Education St Catherine's College, M.A. Geology, 1966
Occupation Journalist, Author
Notable credit(s) The Guardian
Spouse Setsuko Sato

Simon Winchester, OBE (born September 28, 1944), is a British-American author and journalist who resides mostly in the United States. Through his career at The Guardian, Winchester covered numerous significant events including Bloody Sunday and the Watergate Scandal. As an author, Simon Winchester has written or contributed to over a dozen nonfiction books and authored one novel and his articles appear in several travel publications including Condé Nast Traveler, Smithsonian Magazine, and National Geographic. Simon Winchester lives in New York and on a farm in Massachusetts.

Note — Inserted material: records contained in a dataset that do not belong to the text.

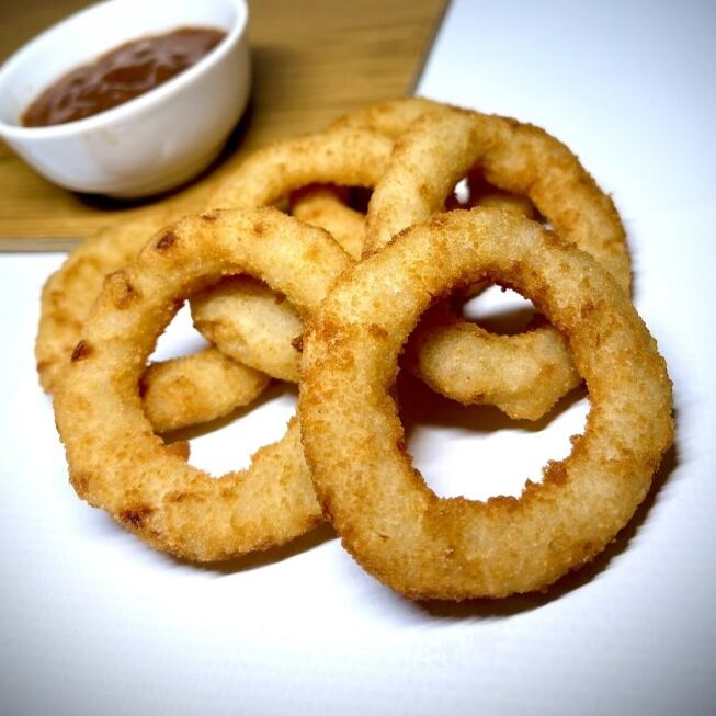 Заказать Аппетитная закуска или гарнир, приготовленная из лука в панировке, обжаренного до хрустящей корочки.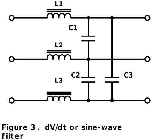 A solution for longer cable lengths up to about 100 m is a ‘dV/dt filter’ shown in Figure 3. This is effectively a low-pass filter on each phase with a cut-off frequency greater than the inverter switching frequency. It operates to limit motor insulation stress and noise even further but again does not reduce bearing wear and common-mode EMI, so a screened motor cable is still required.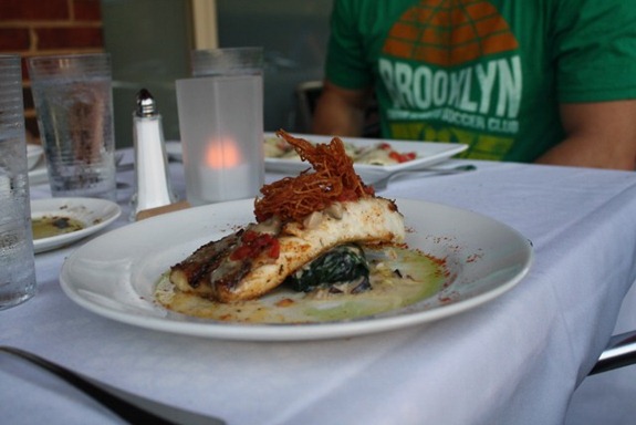 The main event was this INCREDIBLE (!!) fish – something along the lines of red snapper, methinks, with a bunch of flavors over a goat cheese stuffed swiss chard leaf.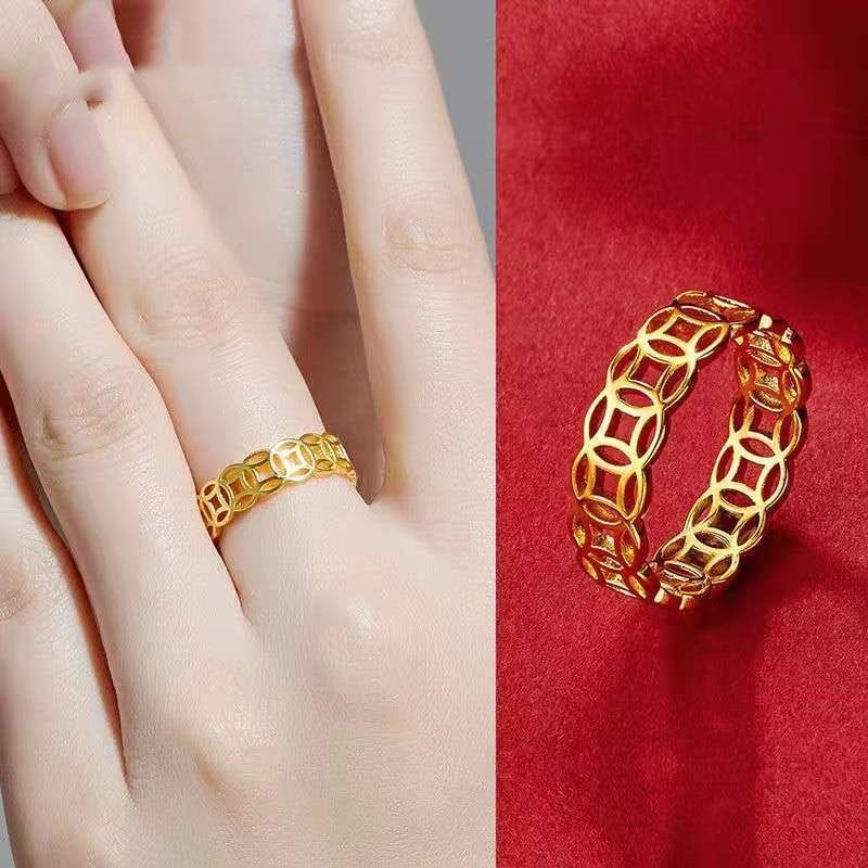 Anillo retro para mujer de oro de Vietnam, chapado en oro al vacío, anillo de cobre dorado, anillo para pareja, para hombre y mujer, regalo, venta en vivo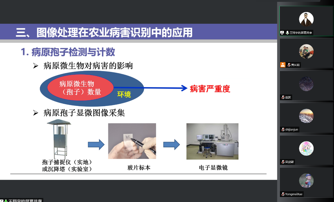 首先,王翔宇博士对农业相关背景知识进行了介绍,指出中国作为农业大国,近年来蔬菜粮食作物产量均居世界第一,但病害情况依然严重。针对这一问题,采用图像处理等信息化技术对作物病害进行识别,可以提高病害诊断效率,及时为农户提供作物病害防治依据。利用图像增强、边缘检测、分割、形态学处理等技术可以完成作物病原微生物的识别与统计,为病害种类诊断和病害严重度判别提供依据。在图像处理技术中结合光谱分析,以及支持向量机、深度学习等算法,可以实现作物病斑的提取和作物病害的分类识别,为农业病害识别与诊断提供技术支持和方法依据。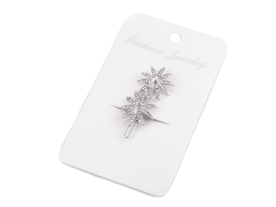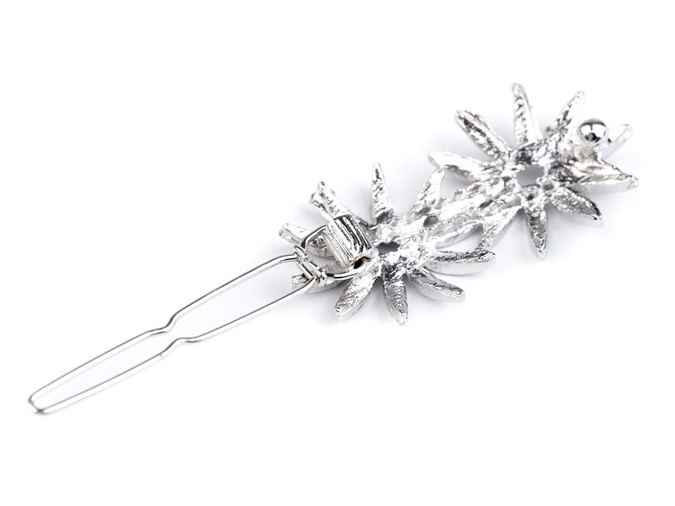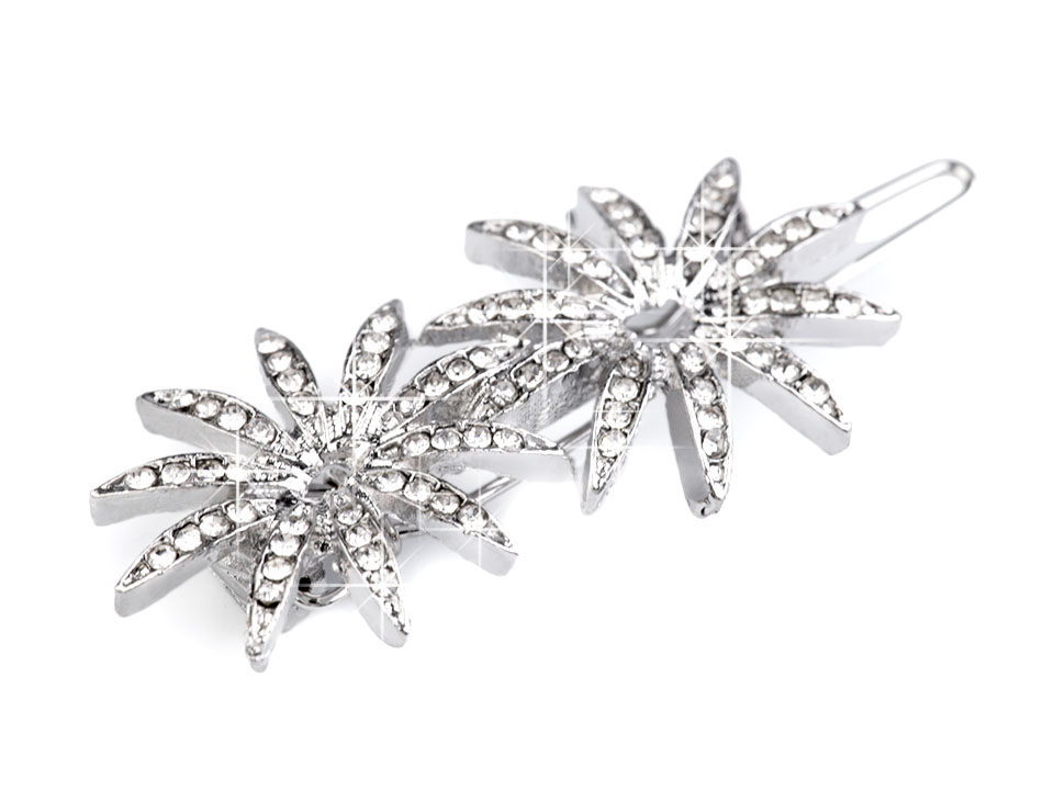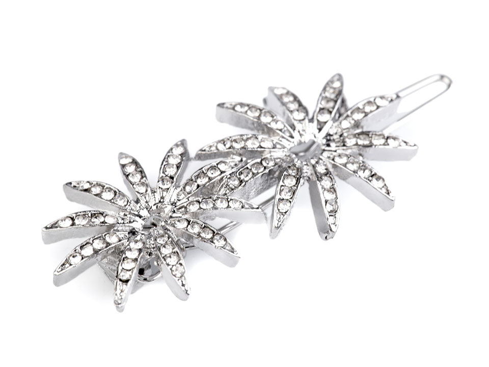 Kovová sponka se štrasovými květy vypadá velice romanticky. Díky kamínkům se působivě třpytí.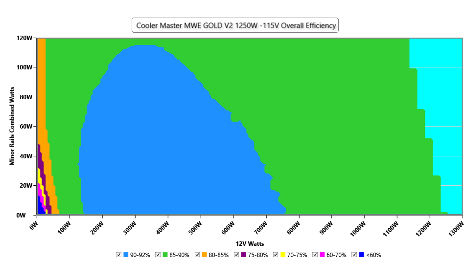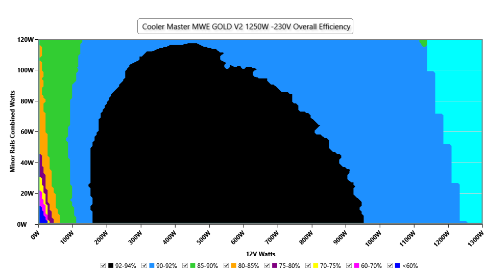 This graph depicts the PSU`s efficiency throughout its entire operational range. For the generation of the efficiency and noise graphs we set our loaders to auto mode through our custom-made software before trying thousands of possible load combinations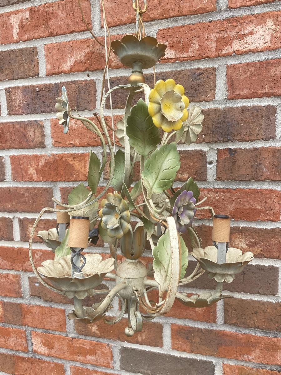 Pretty vintage tole Italian hanging light fixture as pictured approx 16” tall
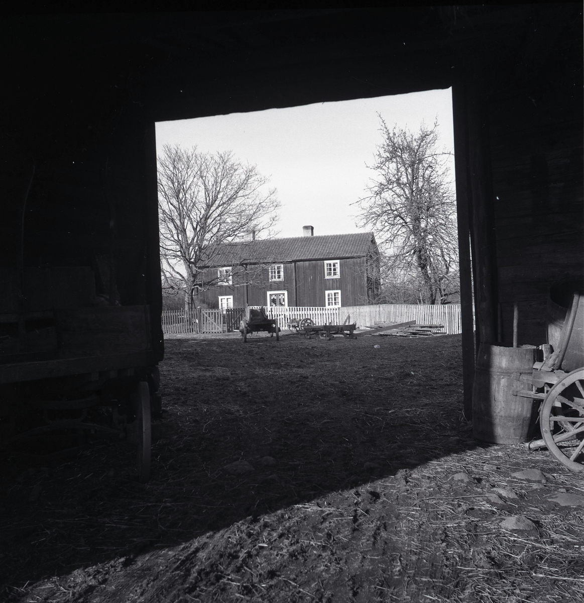 Ett bostadshus bortom en loge i Melby.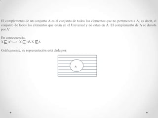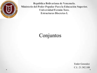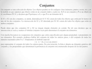 Este documento trata sobre los conceptos básicos de conjuntos, incluyendo subconjuntos, conjuntos de potencia, igualdad de conjuntos, unión e intersección, diferencia y complemento. También cubre el álgebra de conjuntos, producto cartesiano, partición, cardinalidad y fuentes bibliográficas.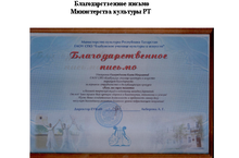 Учитель татарского языка и литературы была удостоена Благоларственным письмом Министерства культуры Республики Татарстан за активное сотрудничество и большой творческий вклад в подготовке молодых дарований. также учащиеся школы, Хаммадеев Альберт -9б класс, Хамидуллина Гульшат - 9в, Исламгараева Ильзия - 9 в класс, были удостоены образовательными сертификатами, которые дают право на льготное поступление без конкурсов, без вступительных экзаменов в "Елабужский колледж культуры и искусств". МОЛОДЦЫ!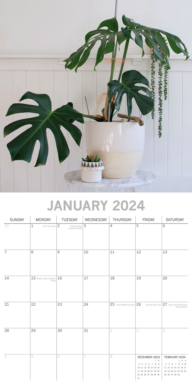 House Plants - 2024 Square Wall Calendar 16 Months Floral Flower Planner New Year Gift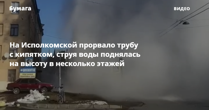 На Исполкомской улице, 17 прорвало трубу с горячей водой. Струя воды поднялась на высоту нескольких этажей. Очевидцы опубликовали видео в группе «ДТП и ЧП» во «ВКонтакте».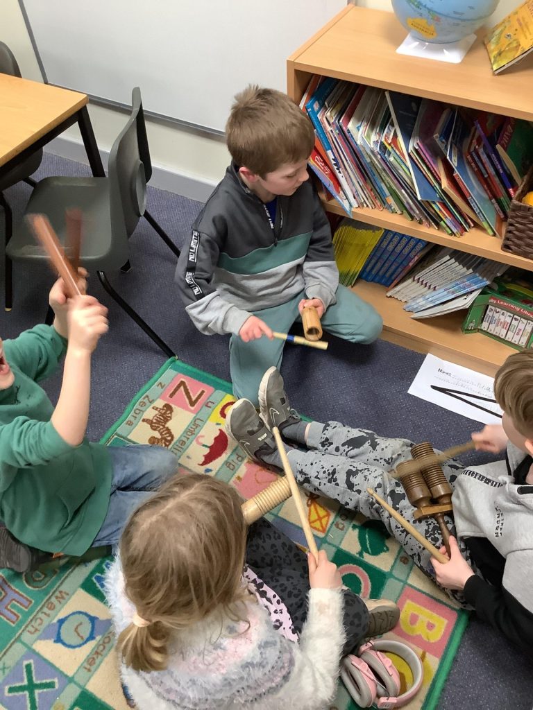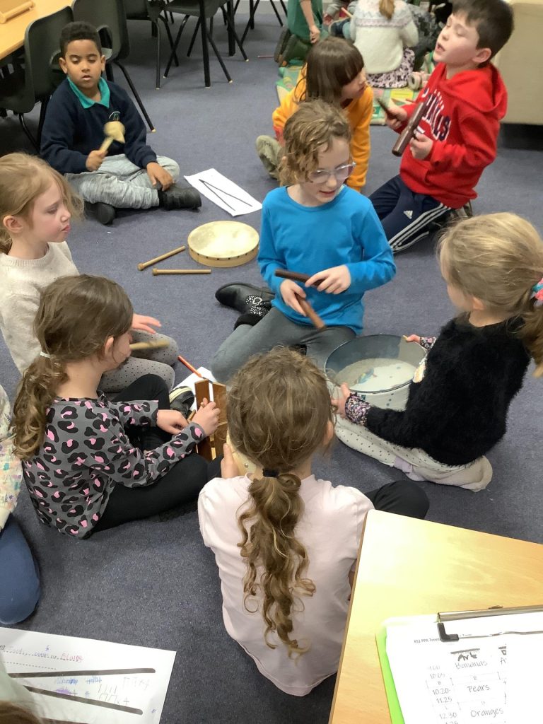In Music, Year one have been playing lots of singing games. They have been playing a game called ‘Button you must wander’ and singing songs on limited range notes. Year two have been learning about crescendos. The listened to ‘Bolero’ by Ravel and have been making their own crescendo pieces using percussion.
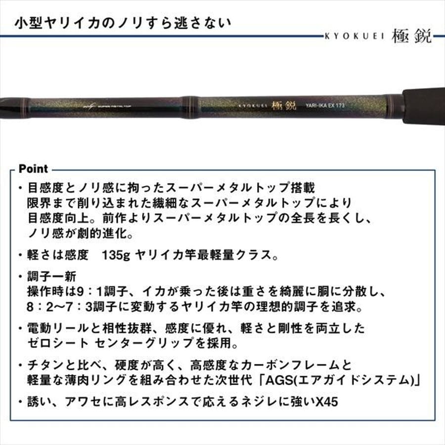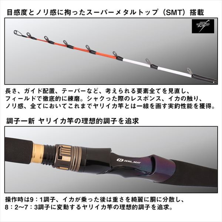 200m先の小型ヤリイカのノリすら逃さない ダイワ史上最高の目感度を実現。圧倒的な手返しの良さと、意のままの操作性を実現した鋭敏ショートモデル。■目感度とノリ感に拘ったSMT搭載。限界まで削り込まれた繊細なSMTにより目感度向上。これまでよりSMT全長を長くし、ノリ感が劇的進化。■軽さは感度 標準自重130g。ヤリイカ竿最軽量クラス。■理想の調子を追求。操作時は9:1調子、イカが乗った後は重さを綺麗に胴に分散し、8:2~7:3調子に変動するヤリイカ竿の理想的調子を追求。■電動リールと相性が良く、感度に優れ、軽さと剛性を両立したゼロシート センターグリップを採用 ■チタンと比べ、硬度が高く、高感度なカーボンフレームと軽量な薄肉リングを組み合わせた次世代「AGS」■テスター陣のノウハウを数値化し、具現化するESS設計。■誘い、アワセに高レスポンスで応えるネジレに強いX45

  Early life and education

Simon Winchester was born in the autumn of 1944 in northern London. Winchester attended several boarding schools in Dorset.[1] He spent a year hitchhiking around the United States,[2] then in 1963 went up to St Catherine's College, Oxford to study geology. He graduated in 1966 with a degree in geology and found work with Falconbridge of Africa, a Canadian mining company. His first assignment was to work as a field geologist searching for copper deposits in Uganda.[3]


While on assignment in Uganda, Winchester happened upon a copy of James Morris' Coronation Everest – an account of the 1952 expedition which led to the first successful attempt to climb Mount Everest.[4] Inspired by the book and with a desire to be a writer, Winchester sought career advice from Morris by mail. Morris urged Winchester to give up geology and get a job as a writer.[5] Shortly after, Winchester left Africa and returned to England eventually finding work at The Journal in Newcastle upon Tyne.

In 1969, Winchester joined The Guardian, first as regional correspondent based in Newcastle upon Tyne, but was later assigned to be the Northern Ireland Correspondent.[1] Winchester's time in Northern Ireland placed him around several events of The Troubles, including the events of Bloody Sunday and the Belfast Hour of Terror.[6][7]

After leaving Northern Ireland in 1972, Winchester was briefly assigned to Calcutta before becoming The Guardian's American correspondent in Washington, D.C., where Winchester covered news ranging from the end of Richard Nixon's administration[8] to the start of Jimmy Carter's presidency.[3] In 1982, while working as the Chief Foreign Feature Writer for The Sunday Times, Winchester was on location for the invasion of the Falklands Islands by Argentine forces. Suspected of being a spy, Winchester was held as a prisoner in Tierra del Fuego for three months.[9]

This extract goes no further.